The widespread adoption of Prometheus has also changed some of the core dynamics in the monitoring industry. Most — if not all — technologies in the cloud-native landscape provide instrumentation out of the box in the open source Prometheus format. It’s not just the instrumentation either, the standardization of PromQL as the monitoring query language means everyone benefits from the broader community of shared Grafana dashboards and Prometheus alert definitions. A modern user of software no longer needs to depend on the black box magic of the monitoring vendor’s agent for instrumentation or be locked in to vendor specific dashboarding and alerting. All of this is now provided and maintained by the producers of the software and the broader community – and it’s all open. 

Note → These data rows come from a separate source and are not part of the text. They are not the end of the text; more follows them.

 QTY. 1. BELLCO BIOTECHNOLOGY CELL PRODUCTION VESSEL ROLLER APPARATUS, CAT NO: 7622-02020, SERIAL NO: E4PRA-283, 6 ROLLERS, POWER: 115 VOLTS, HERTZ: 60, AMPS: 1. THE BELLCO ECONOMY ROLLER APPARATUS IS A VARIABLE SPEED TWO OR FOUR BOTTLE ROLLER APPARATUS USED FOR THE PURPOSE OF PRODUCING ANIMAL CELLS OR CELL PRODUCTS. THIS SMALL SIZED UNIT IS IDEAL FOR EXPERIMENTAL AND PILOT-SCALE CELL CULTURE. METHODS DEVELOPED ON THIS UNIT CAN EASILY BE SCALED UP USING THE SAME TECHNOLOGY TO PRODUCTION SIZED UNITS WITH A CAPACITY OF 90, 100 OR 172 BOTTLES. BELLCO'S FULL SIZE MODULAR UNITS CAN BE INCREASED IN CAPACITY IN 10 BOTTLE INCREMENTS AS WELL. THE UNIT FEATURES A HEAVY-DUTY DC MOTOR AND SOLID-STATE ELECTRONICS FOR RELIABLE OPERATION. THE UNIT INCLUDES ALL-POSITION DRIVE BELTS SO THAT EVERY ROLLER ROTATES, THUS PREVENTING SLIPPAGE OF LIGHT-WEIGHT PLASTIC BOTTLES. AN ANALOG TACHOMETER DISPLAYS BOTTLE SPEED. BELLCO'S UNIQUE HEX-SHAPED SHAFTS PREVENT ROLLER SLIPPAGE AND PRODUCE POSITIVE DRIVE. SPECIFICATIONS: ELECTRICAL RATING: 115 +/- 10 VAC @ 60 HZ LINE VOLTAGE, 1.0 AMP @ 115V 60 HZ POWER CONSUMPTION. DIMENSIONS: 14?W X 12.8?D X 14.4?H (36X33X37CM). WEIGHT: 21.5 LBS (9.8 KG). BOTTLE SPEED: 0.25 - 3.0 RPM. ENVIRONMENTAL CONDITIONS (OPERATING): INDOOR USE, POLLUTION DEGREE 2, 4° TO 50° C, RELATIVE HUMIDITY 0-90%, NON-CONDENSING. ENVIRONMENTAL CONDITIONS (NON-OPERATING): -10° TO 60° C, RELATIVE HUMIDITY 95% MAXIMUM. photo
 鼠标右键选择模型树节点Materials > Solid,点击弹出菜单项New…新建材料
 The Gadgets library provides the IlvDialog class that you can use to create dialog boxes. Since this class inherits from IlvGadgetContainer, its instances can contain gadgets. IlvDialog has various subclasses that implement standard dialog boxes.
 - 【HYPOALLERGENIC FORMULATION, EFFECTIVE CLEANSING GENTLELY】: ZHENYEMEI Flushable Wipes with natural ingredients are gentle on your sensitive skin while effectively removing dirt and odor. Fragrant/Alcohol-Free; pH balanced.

Prometheus’ single binary implementation for ingestion, storage, and querying makes it ideal as a light-weight metrics and monitoring solution with quick time to value — perfect for cloud-native environments. But simplicity and ease has its trade-offs: as organizations inevitably scale up their infrastructure footprint and number of microservices, you need to stand up multiple Prometheus instances, which requires significant management overhead. 

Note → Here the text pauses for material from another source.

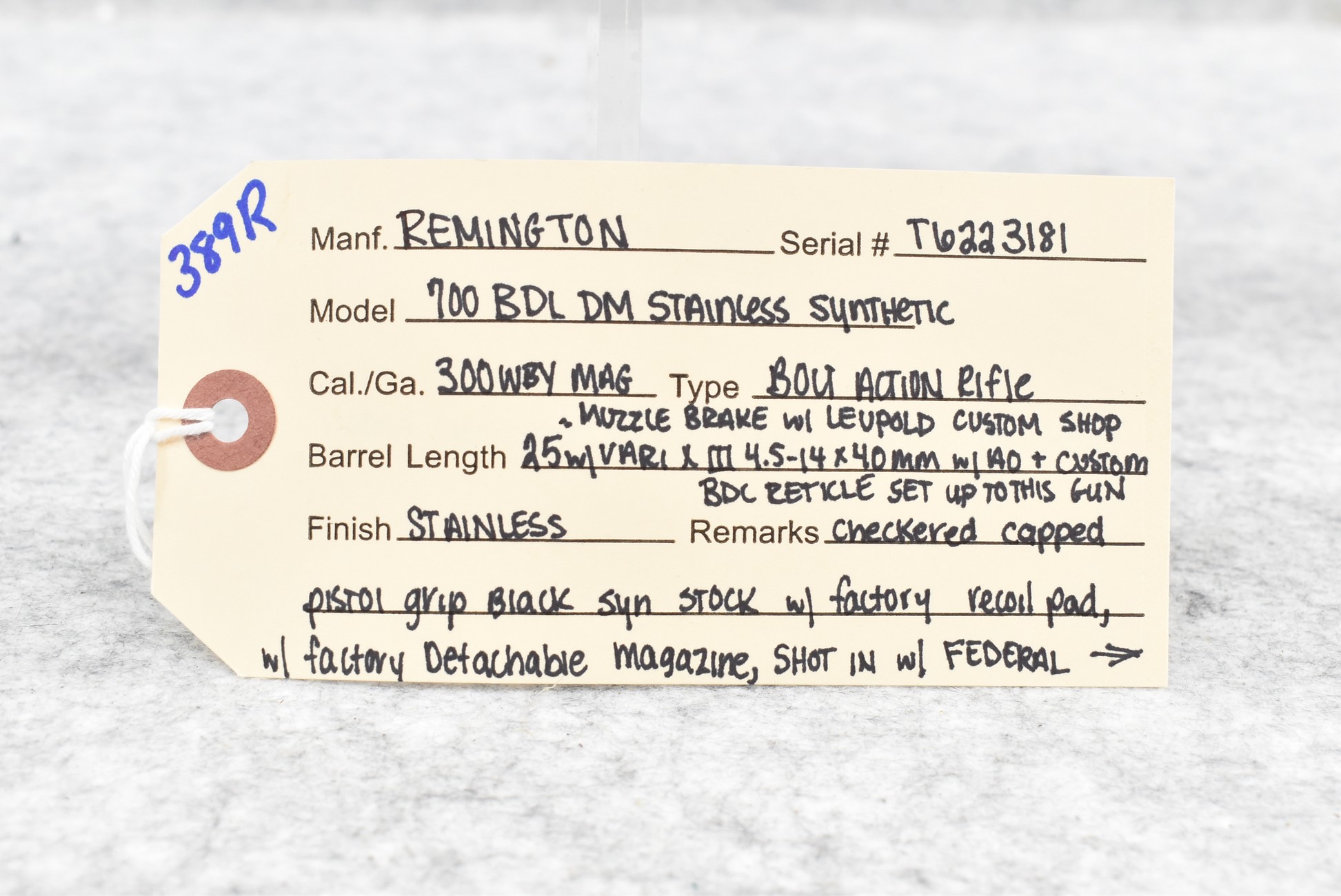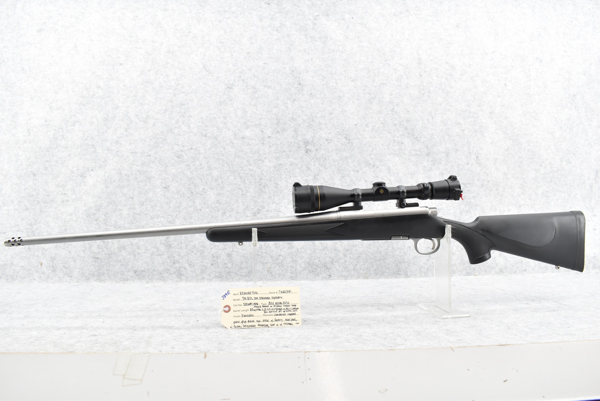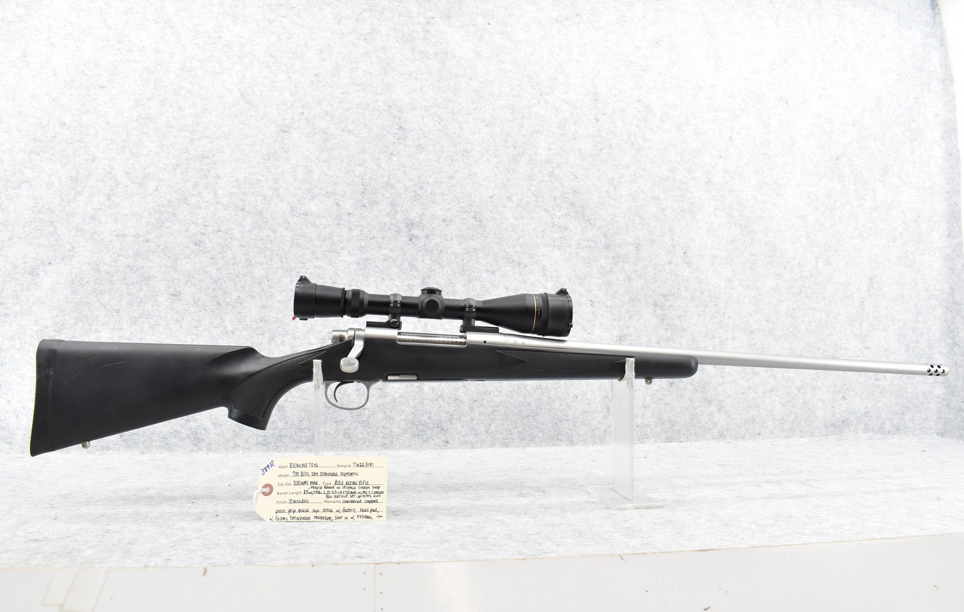 389R. Remington – Mod. 700 BDL DM Stainless Synthetic – 300 Wby. Mag. Cal. Bolt Action Rifle – w/25” Barrel w/Muzzle Brake – w/Leupold Custom Shop Vari X-III 4.5-14x40mm Scope w/Front AO & Custom BDC Reticle Set Up to This Gun – Stainless Finish – w/Checkered Capped Pistol Grip Black Synthetic Stock w/Factory Recoil Pad – w/Factory Detachable Magazine – Scope Reticle Designed for Federal Premium Safari 180gr. Nosler Partition Ammo – Great Package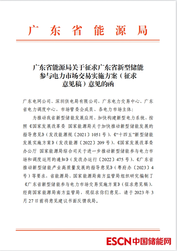 中國(guó)儲(chǔ)能網(wǎng)訊:近日,廣東省能源局發(fā)布了《關(guān)于征求廣東省新型儲(chǔ)能參與電力市場(chǎng)交易實(shí)施方案(征求意見(jiàn)稿)意見(jiàn)的函》,隨函發(fā)布了《廣東省新型儲(chǔ)能參與電力市場(chǎng)交易實(shí)施方案(征求意見(jiàn)稿)》(以下簡(jiǎn)稱(chēng)《方案》)。

Case study: Tecton outgrows Prometheus monitoring

The challenges with Prometheus monitoring at scale

Prometheus was originally designed in the early days of cloud-native architectures — before organizations were seriously scaling their cloud native applications. At scale, using managing Prometheus starts to introduce pain and problems for both the end users of the data as well as the team that manages it. Here are some of the ways that Prometheus management starts to break down at scale:

Increased management overhead for SREs and platform teams

Here’s a typical scenario that many users run into: You start out setting up one Prometheus instance to scrape your services, but as you either scale-up the number of instances per service — or scale-up the number of services — the data can no longer fit in a single Prometheus instance. In response, organizations will typically spin up another instance of Prometheus. However, this results in two separate instances with data split between them, leading to several additional challenges, the first of which is the additional management overhead from sharding. In order to keep the Prometheus instances balanced, you must set up a distributed architecture. This leads to several design decisions, for example: Do you shard across services or across service instances? You also will need to make sure you know how many metrics are exposed from each endpoint and how quickly the number of services or service instances is going to increase in order to split the data relatively evenly.

Reduced productivity — due to cognitive overload — for developers

One of the most critical, yet often overlooked, challenges with running multiple Prometheus instances is that it burdens developers with added cognitive load. Each time a user runs a query, they must first remember which instance to query their data from. In a system with only two or three instances, this may only add a few seconds, but in an environment with dozens of Prometheus instances, this creates a significant slowdown. On top of that, as you add more Prometheus instances and shard them further, historical data is not transitioned. The result is that the user may need to look across multiple instances for historical data.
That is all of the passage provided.